Test example 4 clinical application

The finished product of the example 1 is applied to the minimally invasive treatment of the nasal cavity, the absorption rate of 15s is 13.6 times, and the water permeability in the negative pressure treatment is 92%.

The foregoing description of the preferred embodiments of the invention is not intended to be limiting, but rather is intended to cover all modifications, equivalents, alternatives, and improvements that fall within the spirit and scope of the invention.

Claims (4)

1. The preparation method of the high connectivity microporous wall air pocket bionic polyvinyl alcohol structure body containing the composite layer is characterized by comprising the following steps:

(1) Uniformly stirring at a high speed with a rotation speed of 10000rpm to mix polyvinyl alcohol with a number average molecular weight of 5000 and glutaraldehyde short-chain water-soluble crosslinkable oligomer with a molecular weight of 50-3000 according to a mass ratio of 2:1, and uniformly dispersing to form a polyvinyl alcohol mixed solution;

(2) Introducing clean air into the polyvinyl alcohol mixed solution, and preparing the micro-bubble polyvinyl alcohol mixed solution by controlling the aperture of a micro-air flow splitting module, wherein the introducing flow speed of the clean air is 30-150cm/min, the aperture of the micro-air flow splitting module is 100 mu m, 500 mu m and 750 mu m respectively, the spacing distance of the three micro-air flow splitting modules is 1-10cm, the micro-air flow splitting modules are distributed in a ring shape, and the micro-air flow splitting modules are mixed by using 5000-20000rpm after the air flow is introduced;

(3) Dropwise adding a sulfuric acid solution into the micro-bubble polyvinyl alcohol mixed solution to prepare a low-density cross-linked soft hydrocolloid cavitation-containing supporting structure;

(4) The low-density crosslinked soft water gel air cavity supporting structure body adopts a split-flow micro-airflow decompression method to prepare a microporous wall air cavity supporting structure body, and the pressure is 200-1000psi;

(5) Adding a composite reinforcing agent into the microporous wall air cavity supporting structure body to prepare a microporous wall air cavity bionic reinforcing interpenetrating network polymer structure body containing a high-connectivity composite layer;

(6) And (3) introducing active oxygen fluid into the high-communication composite layer-containing microporous wall cavitation bionic enhanced interpenetrating network polymer structure to obtain a finished product.

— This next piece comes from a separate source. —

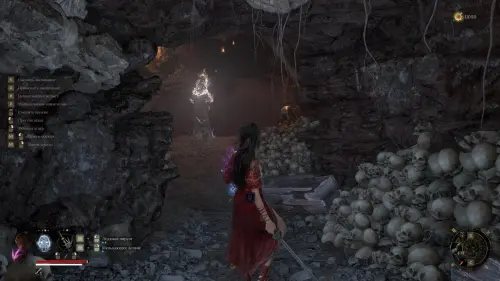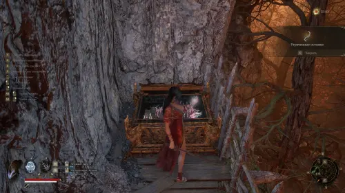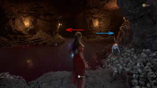 От этого места бегите в левую сторону и зайдите в пещеру, залитую кровью. Бегите в проход, отмеченный голубой стрелкой, чтобы забрать из золотого сундука Утраченные останки. Вернитесь назад и бегите по направлению красной стрелки, чтобы выйти наружу.

2. The method for preparing the composite layer-containing high-connectivity microporous wall air pocket bionic polyvinyl alcohol structure according to claim 1, wherein in the step (3), the mass concentration of the sulfuric acid solution is 1-5%, and the use amount is 1-2% of the mass of the micro-bubble polyvinyl alcohol mixed solution.

3. The preparation method of the composite layer-containing high-connectivity microporous wall air pocket bionic polyvinyl alcohol structure body is characterized in that the composite enhancer is a mixed aqueous solution of glycerol and glutaraldehyde, the mass concentration of the mixed aqueous solution of glycerol and glutaraldehyde is 1-5%, and the mass ratio of the glycerol to the glutaraldehyde is 1:1-10.

4. The method for preparing the composite layer-containing high-connectivity microporous wall cavitation bionic polyvinyl alcohol structure according to claim 1, wherein in the step (6), the active oxygen fluid is an ozone solution or a hydrogen peroxide water solution or a high-oxygen-content solution, and the concentration is 1000-5000ppm.